I have created a 14 minute video below that covers the whole process from start to finish. But for those of you who just want a hint, or just want to check whether this is new to you or not, here’s what I did in a nutshell:
What we needed to get from the XML?
When you export the autocorrect file from Studio you will have a number of entries like this which you’d really rather have as text without the XML syntax:
All the autocorrect entries sit between the <AutoCorrectEntries> node. The text you’re interested in is inside the attribute entries for the incorrect entry, src=“abbout”, and the correct entry, trg=“about”. The easiest way I found to get these as simple text entries was to use regular expressions which you can apply in Notepad++, or EditPad which I use for example. So I searched for this (slightly different in the video as I used s here in case you wanted to copy paste and didn’t realise you needed the spaces at the start, which you do):
ssssss<Entry src="(.*?)" trg="(.*?)" />
Then replaced with:
$1
This gave me the “incorrect entries” as a list. I then undid the results of the search replace operation and immediately searched again with:
$2
That gave me the “corrected” entries. I pasted them both into excel so now I have something like the image on the left with a separate column for each entry in the autocorrect list.

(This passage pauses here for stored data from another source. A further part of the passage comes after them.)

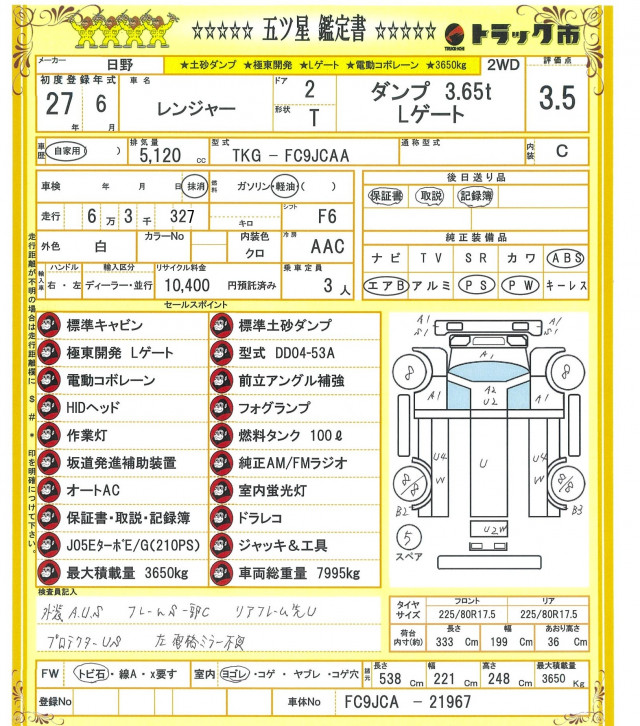 ☆土砂ダンプ☆Lゲート☆電動コボレーン☆前立アングル補強☆作業灯☆坂道発進補助装置☆フォグランプ☆HIDヘッドライト☆純正AM/FMラジオ☆ドライブレコーダー☆室内蛍光灯☆保証書・取説・記録簿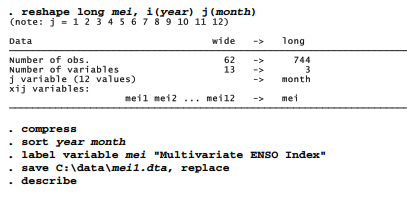 A different sort of restructuring is possible through the reshape command. This command switches datasets between two basic configurations termed wide and long. Earlier in this chapter we built a dataset with the Multivariae ENSO Index (MEIO.dta). The data are in wide format: years define the rows, but each month is a separate column. Thus, meil represents the MEI value for January, mei2 is February, and so on.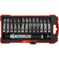 Súprava 16 dielov presných nožov v praktickom balení. Vyrobené z odolnej nástrojovej ocele SK5 Obsah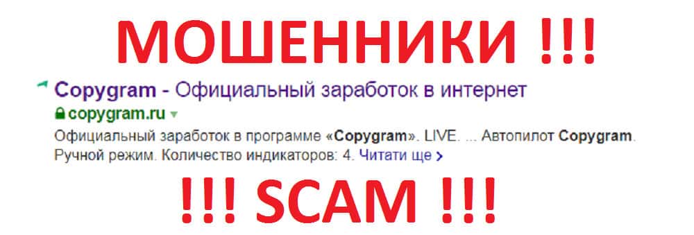 - Мошенническая организация Копи Грам абсолютно не предназначена для вывода средств!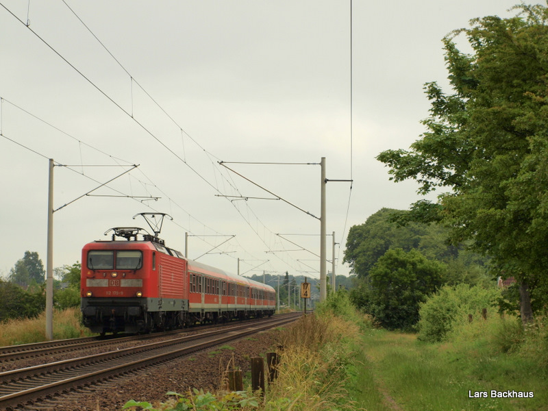 112 176-3 rast am 29.06.09 mit RE 21414 aus Hamburg Hbf zum nächsten Halt nach Reinfeld (Holst.). Ziel des Zuges ist Lübeck Hbf.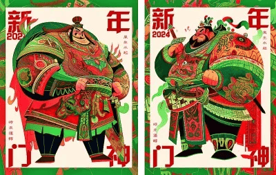 数字艺术门神年画《新年门神》(陈安笛)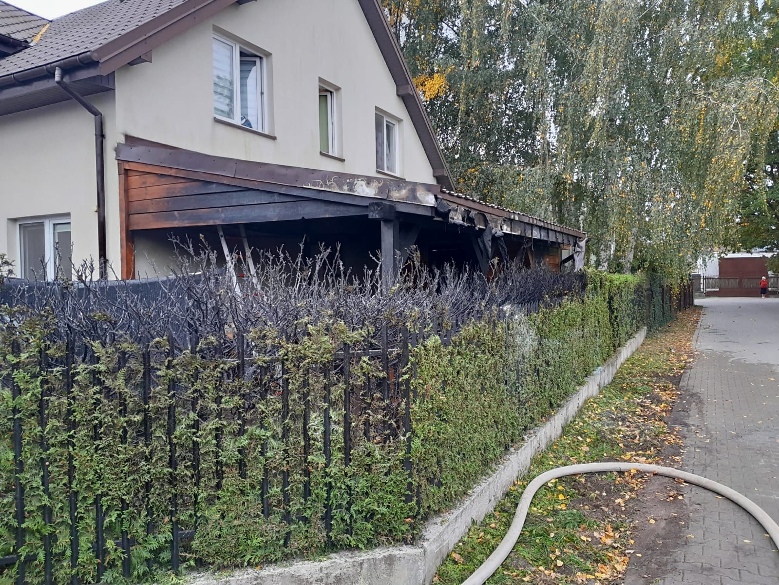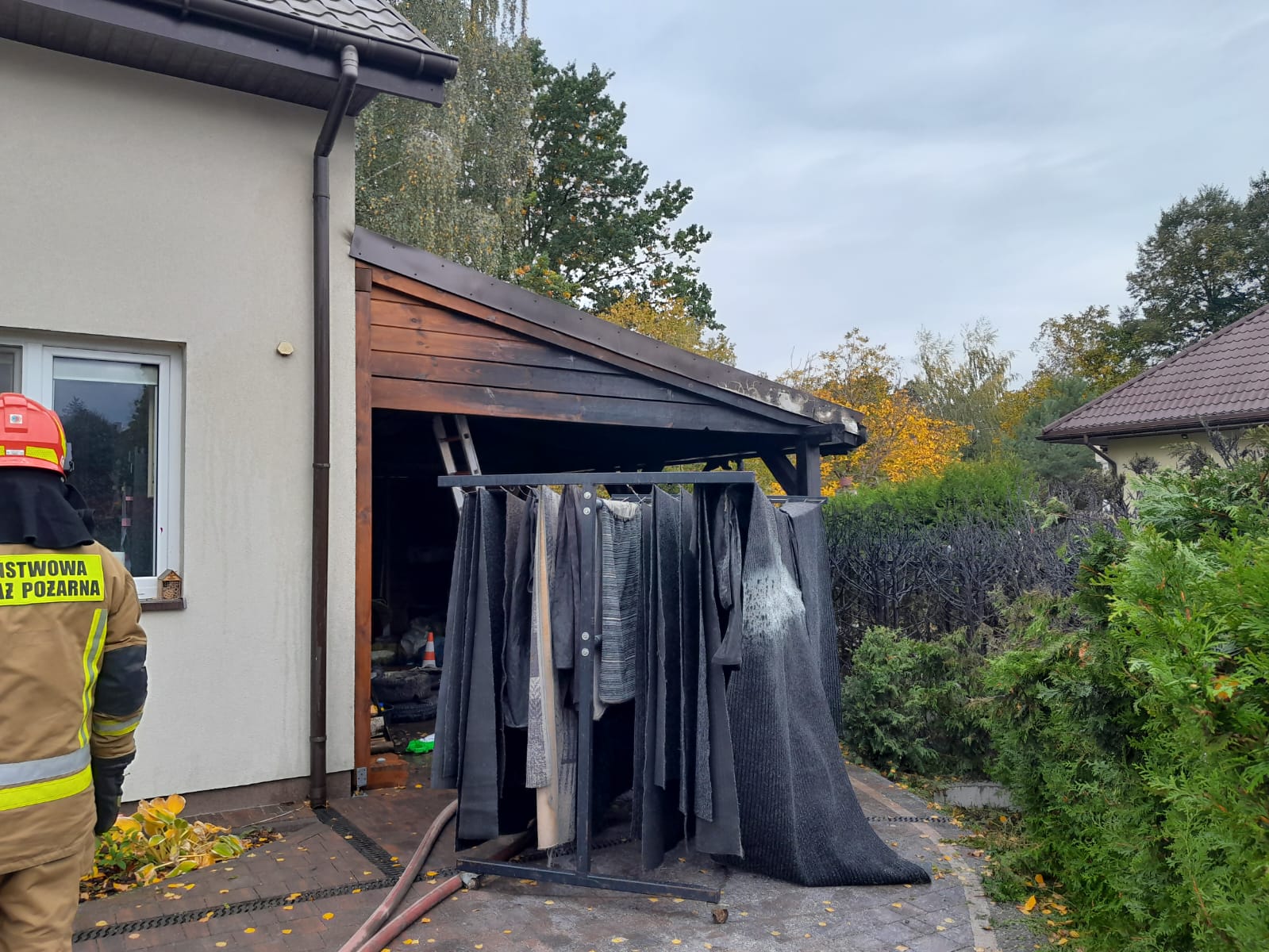 Po przybyciu pierwszego zastępu na miejsce stwierdzono, że pali się dobudowana do budynku jednorodzinnego drewniana wiata oraz żywopłot. Działania straży pożarnej polegały na zabezpieczeniu miejsca zdarzenia i podaniu jednego prądu gaśniczego. Po lokalizacji źródeł ognia miejsce akcji sprawdzono kamerą termowizyjną, budynek przewietrzono a pomieszczenia skontrolowano sprzętem wykrywczo-pomiarowym.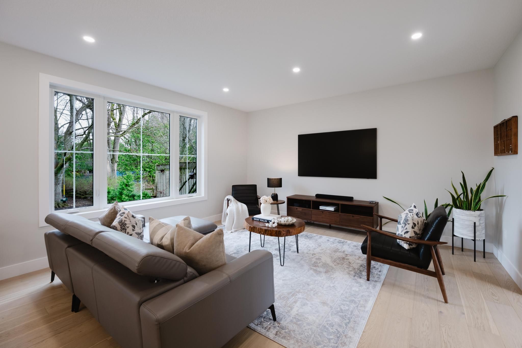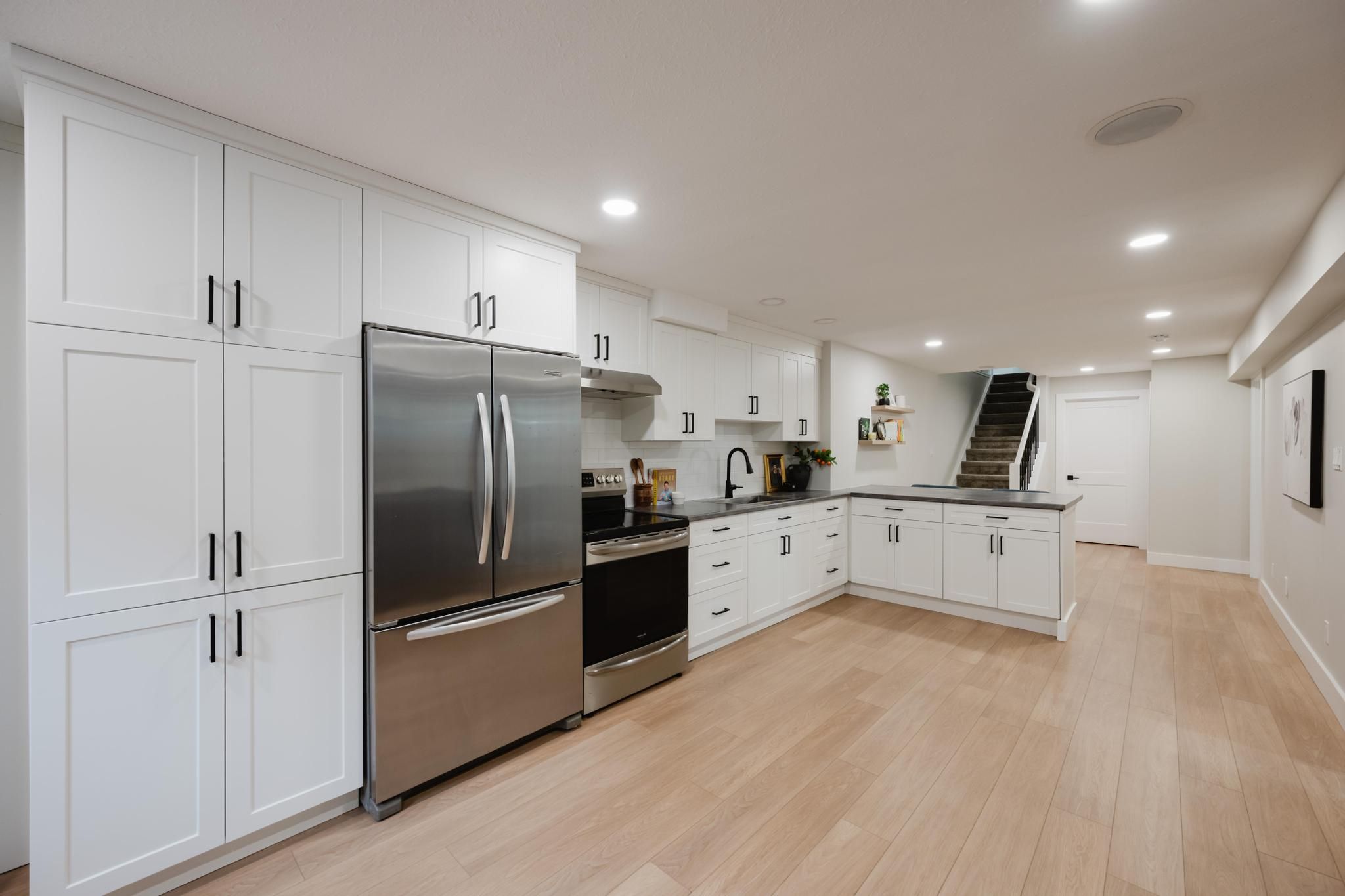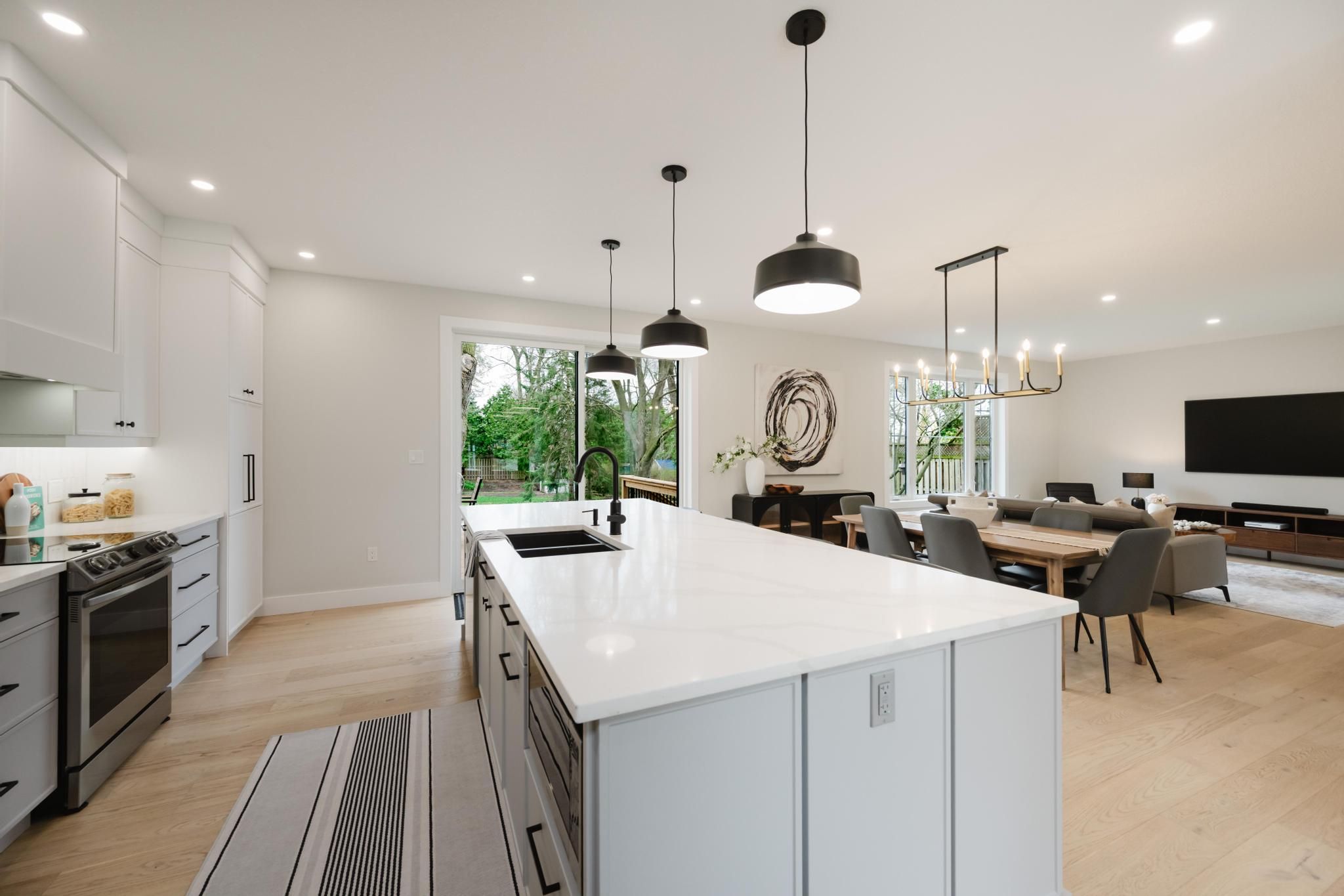 • Extensively renovated and expanded two-storey home with modern finishes.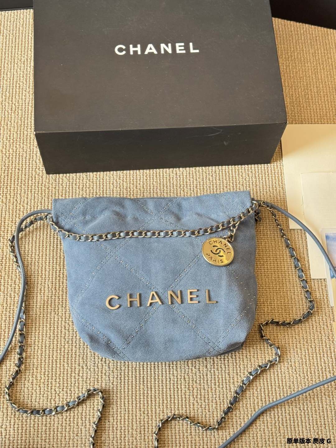 Elevate your style with the Chanel 22 Bag. Crafted from luxurious suede with unique rivets and black and silver hardware. Size: 17 x 20 cm.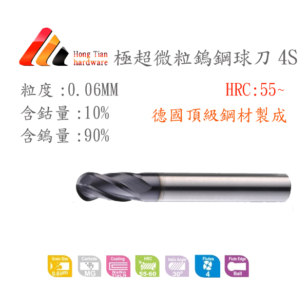 鎢鋼球型銑刀4S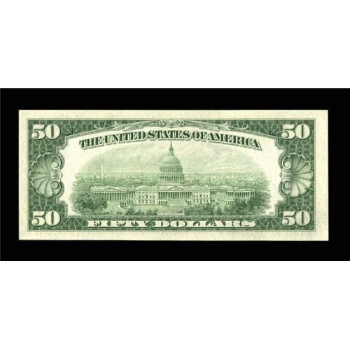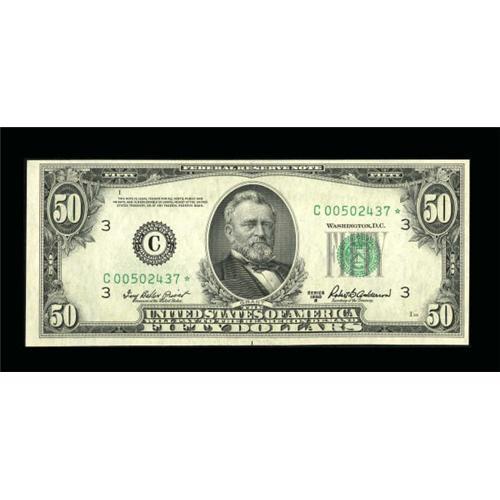 <B>Fr. 2109-C* $50 1950B Federal Reserve Note. Very Choice Crisp Uncirculated.</B></I><BR> A crackling fresh and utterly original star example which catalogues for $350 in Choice CU. With a hair better face centering, this would be a screaming Gem. <BR><BR><b>Shipping:</b> Coins & Currency (<a target="_blank" href="http://www.heritageauctions.com/common/shipping.php">view shipping information</a>)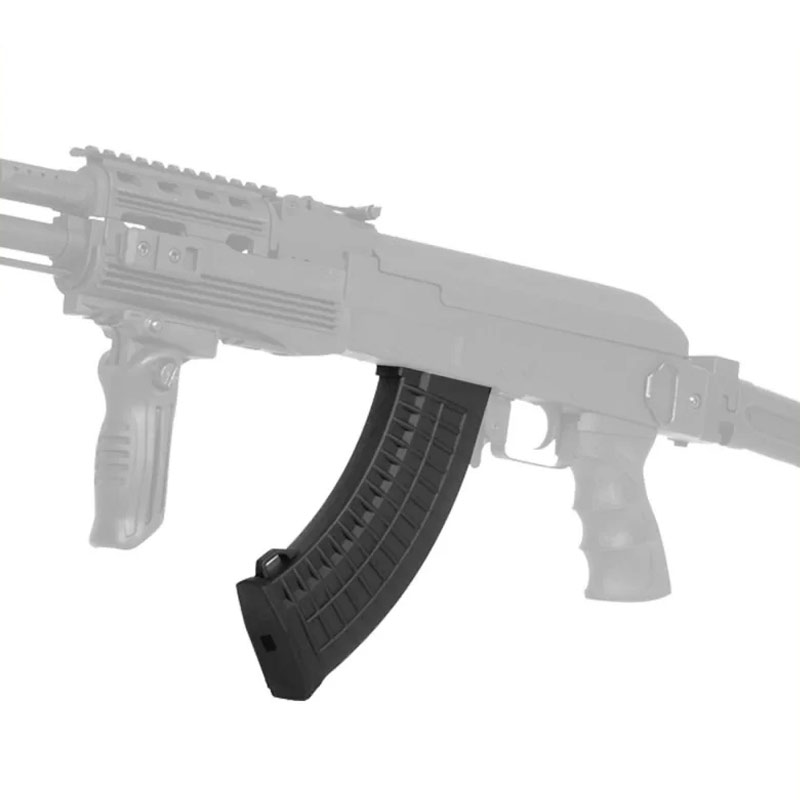 E também para facilitar ainda mais em campo, adicionamos um magazine extra de média capacidade que tem capacidade para até 120bbs e por ser mid-cap não possui catraca, dessa forma é mais silencioso em jogo para você surpreender os adversários sem ser notado enquanto se aproxima.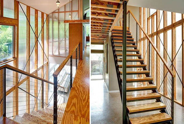 4、OSB做出來的家具,書柜強度很高,不像纖維板那樣書放多了以后就產生形變,OSB的家居不易變形,跟原木都有的一拼。它的紋理花色還很好看,不像貼木皮家具那樣千篇一律。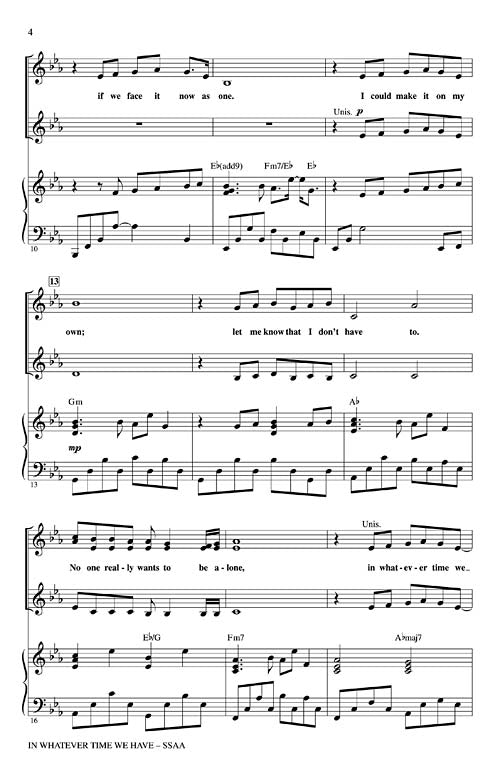 Exquisite lyrics and flowing vocal lines combine in this Stephen Schwartz ballad taken from one of his most performed musicals, Children of Eden. There are times I've been afraid ... Then I feel your hand in mine And there's courage in my heart.Available separately: SATB, SSAA, TTBB and ShowTrax CD. Performance Time: Approx. 3:15.
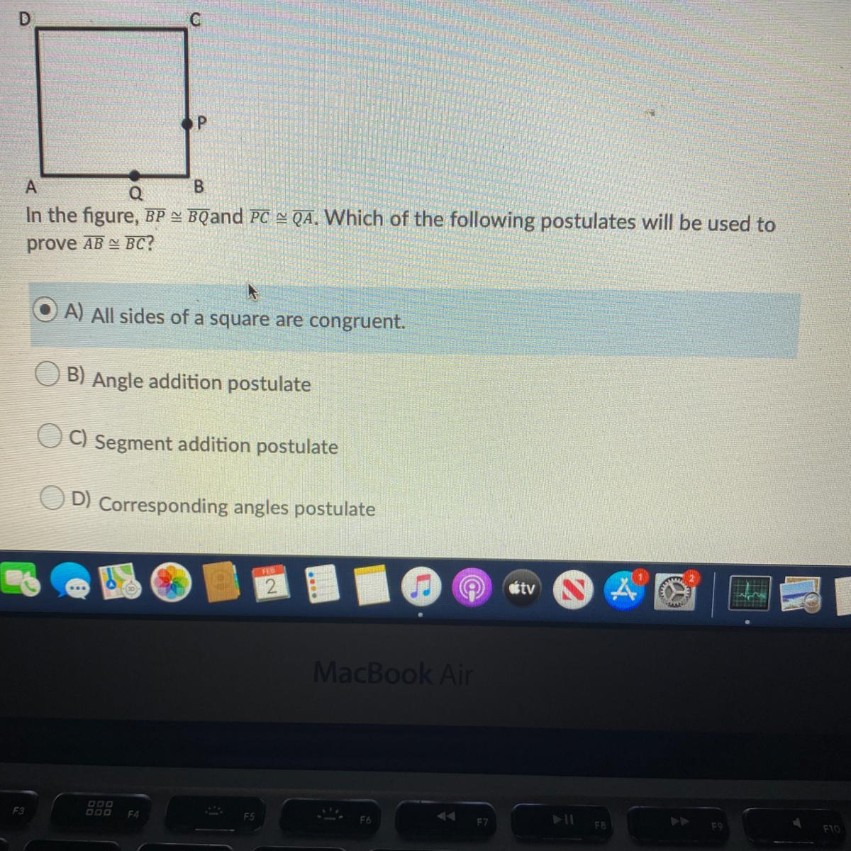 In the figure, BP = BQ and PC = QA. Which of the following postulates prove AB = BC?

That’s it for the regular expression part… pretty straightforward I think but if you want to learn a little more there are plenty of resources available on the web in addition to a few articles I’ve written in the past specifically on the use of regular expressions for Studio. It might be helpful to see where you can use these sorts of techniques in Studio if you need more of an incentive to learn.
So now you have your Excel spreadsheet which you can use to add/edit/amend the entries as you see fit.
What we have to do to get the Excel back into XML?
The task now, once you’re ready to re-import your Excel into the autocorrect settings in Studio, is to get your XML syntax back. So to do this I just laid the Excel sheet out like this:
This is all text. Note that my autocorrect entries are now in column B and D. The other columns contain the syntax that makes up this line in XML:
<Entry src=“abbout“ trg=“about“ />
To put this back together I just concatenated the cells with this expression in cell G1:
=$A$1&B1&$C$1&D1&$E$1
Looks complicated but it’s actually very simple as you’ll see in the video. I can copy this formula down the spreadsheet and I then have all the text items expressed in the correct XML syntax so they can be copied back into the XML file. It’s a good idea to keep a copy of the original XML export and don’t mess around with that just in case you break something and can’t import your entries back in, or corrupt the autocorrect file itself.
That’s it, not too tricky, and it will allow you to work on your autocorrect entries in a more productive environment than one at a time in Studio. The full end to end process is in the video below… hope this is useful!!
Excellent as usual Paul. It gives ideas for other things to do, using that same technique.
Excellent… do share your ideas!
Hi Paul,
As you know I am not a Studio user, but I think there is a quicker and safer way to get the data in and out of Excel. Would you mind sending me a copy of the xml file so that I can run a couple of test to check if I am right. Thank you.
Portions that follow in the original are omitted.